Молодые люди в восторге. Они снимают пальто и милостиво соглашаются выпить по чашечке кофе. В свою очередь они угощают меня сигаретами «Папастратос». Это большая редкость в лагере. Выпив кофе, они удаляются, пообещав зайти в другой раз.

Вслед за братьями Арая является еще один новый жилец нашего барака. У него большая, круглая, наголо выбритая голова и маленькие колючие глазки. Одет он как спортсмен, собирающийся на лыжные состязания: великолепные лыжные ботинки, куртка, брюки, шерстяной шарф. Он, по-видимому, единственный из всех легионеров, который не очень-то расстроен тем, что произошло. Я знаю этого человека давно, так что ему нет надобности представляться.

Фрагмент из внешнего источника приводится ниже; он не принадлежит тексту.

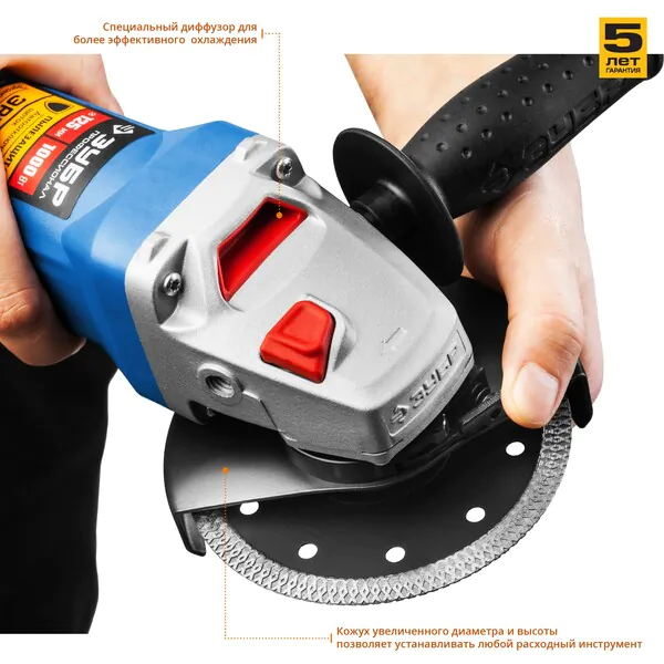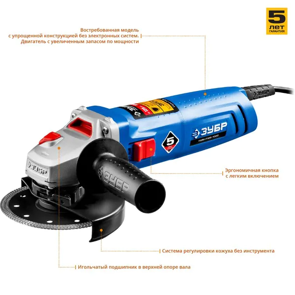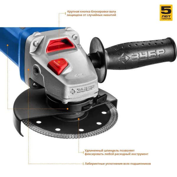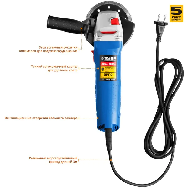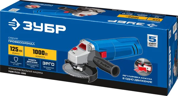 - ЗУБР 1000 Вт, d125 мм, УШМ, Профессионал (УШМ-П125-1000)

— А почему я должен расстраиваться? Поживу здесь денька два-три и уеду домой. Мой дядя, генерал Попеску, и мой двоюродный брат, полковник Никулеску, заверили меня: «Ты, Нику, ни о чем не беспокойся. Разве мы в этой стране уже ничего не значим? Даже если бы ты совершил убийство, мы вытащили бы тебя из тюрьмы. А ведь ты ничего дурного не сделал!» И они правы. Что я сделал? Я был легионером. Ну и что? Я носил зеленую рубашку. Ну и что? Сам Антонеску щеголял в зеленой рубашке. Когда правили легионеры, я заработал немного денег. Ну и что? Разве я один зарабатывал? Разбогатели и другие. У евреев я отобрал одну-единственную лавку и перевел ее на имя своей жены — на мое имя нельзя было: я государственный служащий! Ну и что? Как будто только я один отбирал лавки у евреев! Если начнут сажать в лагеря всех, кто этим занимался, и десяти лагерей не хватит. Мой дядя и мой двоюродный брат заверили меня, что я могу быть совершенно спокоен. Придется отсидеться здесь несколько дней. Подумаешь! Я готов посидеть и два-три месяца, отдохну от всей этой суматохи, только и всего…

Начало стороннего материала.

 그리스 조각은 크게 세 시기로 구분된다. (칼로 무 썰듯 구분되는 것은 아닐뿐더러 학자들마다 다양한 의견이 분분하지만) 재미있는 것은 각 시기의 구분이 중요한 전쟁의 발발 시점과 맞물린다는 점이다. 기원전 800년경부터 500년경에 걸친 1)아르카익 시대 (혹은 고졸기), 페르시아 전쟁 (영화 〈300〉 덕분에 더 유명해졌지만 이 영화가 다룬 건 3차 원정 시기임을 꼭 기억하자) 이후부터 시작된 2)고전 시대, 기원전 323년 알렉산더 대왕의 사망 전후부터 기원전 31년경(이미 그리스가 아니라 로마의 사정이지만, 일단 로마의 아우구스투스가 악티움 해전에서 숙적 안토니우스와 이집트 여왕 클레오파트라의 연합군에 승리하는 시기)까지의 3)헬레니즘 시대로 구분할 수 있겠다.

— Однако, — прерываю я его разглагольствования. — Многие опасаются, как бы их здесь не расстреляли.

— Это их личное дело! Пусть их расстреливают! Меня это не касается.

— Почему?

— Неужели вы думаете, что меня тоже могут расстрелять? Никогда! Я позвоню своему дяде, позвоню двоюродному брату, и они все уладят.

— Как вы им позвоните?

— Очень просто — по телефону. Я вызову их по телефону.

— А где вы возьмете телефон?

— Разве в канцелярии нет телефона? Я уже договорился с полковником. После вечерней поверки придет солдат из охраны и проводит меня в канцелярию. Я позвоню в Бухарест. Сначала я буду разговаривать с ней целый час. Надо ее успокоить. Скажите, а братья Арая уже приходили к вам? Это не они сейчас прошмыгнули в дверь?

— Да, они были здесь.

— И наверно, уверяли вас, что они не легионеры?

— Разговор шел о самых разных вещах. Но, кажется, была речь и об этом…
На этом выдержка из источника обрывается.